Kamis, 04 Mei 2017

Makna Peringatan May Day 2017




Hari Buruh Internasional atau yang sering disebut sebagai May Day, semua masyarakat Indonesia sekarang mulai mengenalnya dan bahkan ikut menikmati perayaannya karena sejak tahun 2014 pemerintah Indonesia menjadikan 1 mei sebagai hari libur Nasional. Namun apakah semua orang tahu kenapa pemerintah menjadikan 1 Mei sebagai hari libur Nasional?  Apa makna dan latarbelakang lahirnya Hari Buruh Internasional? 

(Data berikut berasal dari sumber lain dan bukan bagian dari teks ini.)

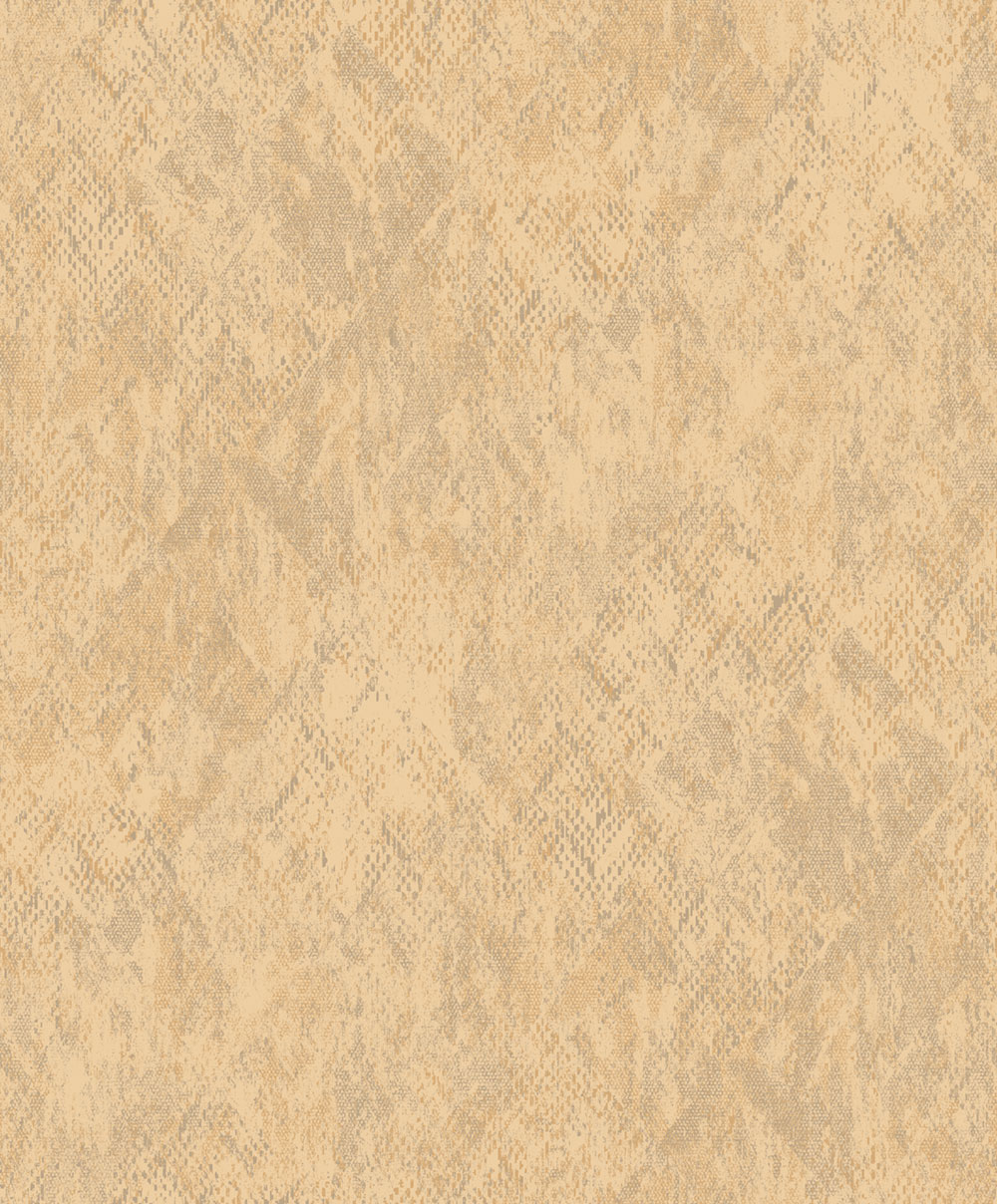Vliesová tapeta s vinylovým povrchem, design inspirovaný hadí kůží, odstíny béžové a okrové s metalickými zlatými akcenty.
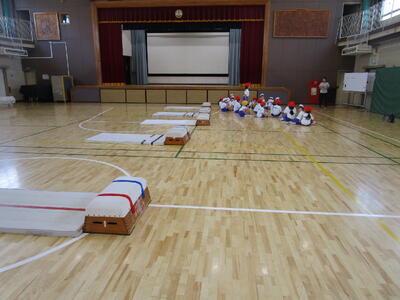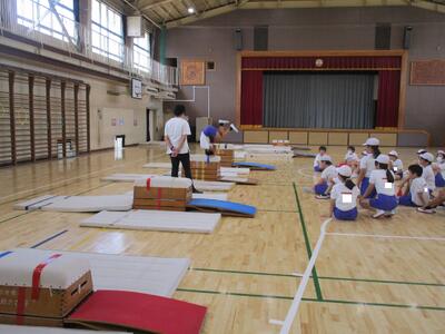1年生、体育館で、マットや跳び箱をつかい、跳び箱の上から着地の練習をしていました。先生が着地の仕方のお手本をみせると、子供たちからは「かっこいい!」というつぶやきがあり、かっこいい着地について、皆で考えました。子供たちから「足は揃えて、床につく」「ひざは曲げる」「足は少し開いたほうが簡単だ」などの意見がでました。その後、練習に励んでいました。
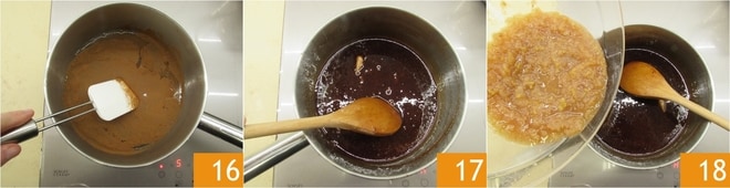 Mezcla bien hasta que se haya disuelto 16 y continúa cocinando hasta que el jarabe alcance una temperatura de 105°. En este punto, añade las peras 18.
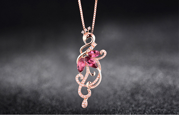 2ct Marquise Cut Pink Ruby Peacock Design Pendant 14k Rose Gold Finish NO CHAIN
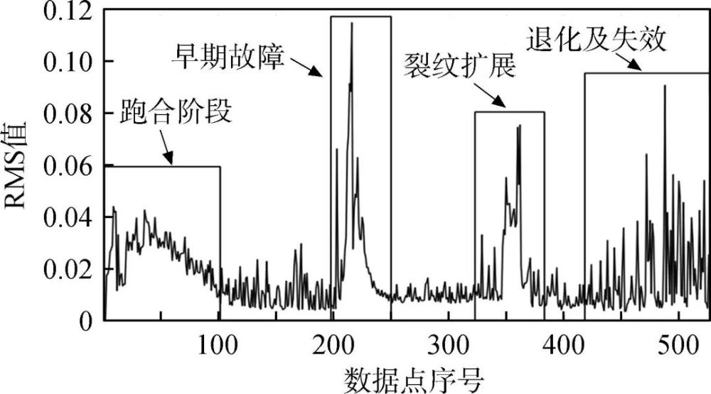 圖2 軸承全壽命實驗聲發(fā)射信號RMS值變化[43]
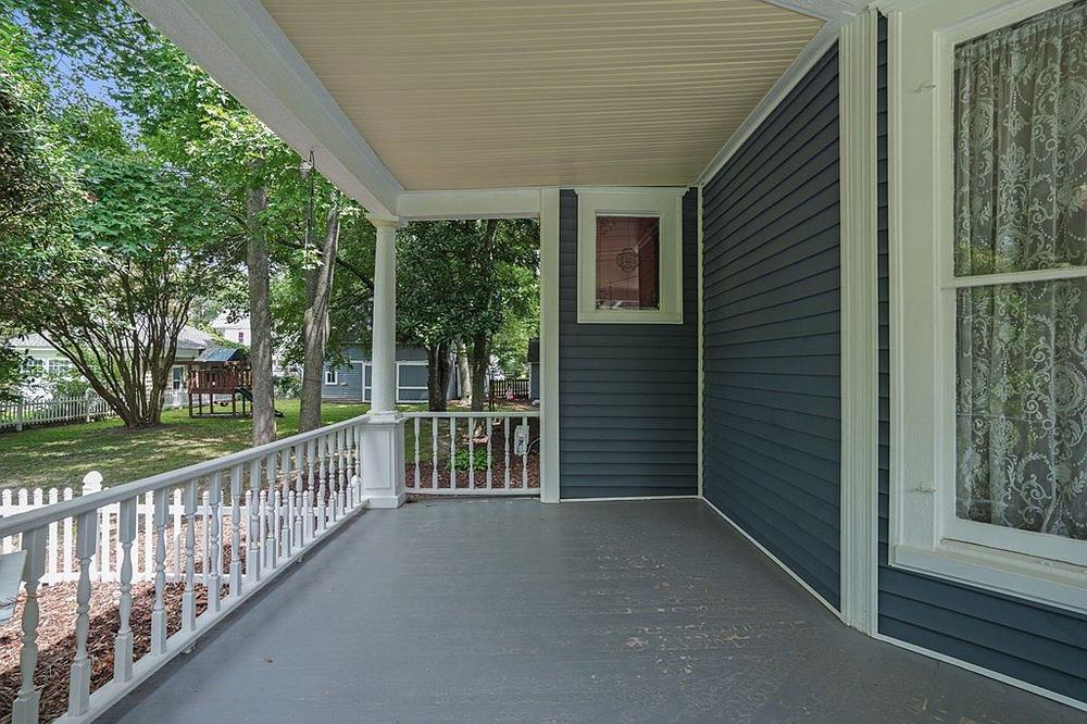 Enjoy views of the town park from the wraparound front porch or unwind on the screened back porch. A detached one-car garage with loft, two sheds, & fenced yard with swing set complete the package.

Tidak banyak masyarakat yang tahu makna serta latar belakang lahirnya Hari Buruh Internasional bahkan dikalangan para buruh pun banyak pula yang tidak tahu tentang itu. Hal ini bukan semata karena kurangnya pemahaman para buruh terhadap makna dan latar belakang Hari Buruh Internasional tetapi lebih kepada karena ke-engganan mereka untuk mencaritahu dan ironisnya lagi masih banyak yang memanadang tabu tentang pergerakan kaum buruh karena takut dianggap sebagai pemahaman yang sesat dan melawan negara serta merasa malu untuk mengakui dirinya sebagai buruh. Padahal pada dasarnya setiap orang yang bekerja kepada orang lain dan mendapatkan imbalan atas pekerjaannya  disebut buruh. 

Pasca runtuhnya rezim orde baru serikat buruh mulai banyak bermunculan, pergerakan mereka semakin masif melawan kebijakan pemerintah yang banyak merugikan kaum buruh dan masyarakat miskin. Aksi turun kejalan setiap tahun di awal bulan mei yang merupakan hari buruh internasional terus dilakukan. Meskipun saat itu para buruh harus rela berkorban waktu, tenaga  dan biaya serta meninggalkan pekerjaan di perusahaan demi menyuarakan tuntutan kepada pemerintah terhadap semua permasalahan perburuhan di Indonesia. Akibatnya banyak perusahaan yang harus stop produksi secara mendadak dan insatansi pemerintahan juga tidak biasa beroperasi dengan maksimal karena disetiap ruas jalan menjadi macet karena banyak aksi-aksi buruh yang longmarch di berbagai wilayah. Dampak yang timbul dari aksi serupa yang  terus berulang-ulang disetiap tanggal 1 mei menyebabkan pemerintah mengeluarkan kebijakan baru dengan menjadikan 1 Mei sebagai hari libur nasional. 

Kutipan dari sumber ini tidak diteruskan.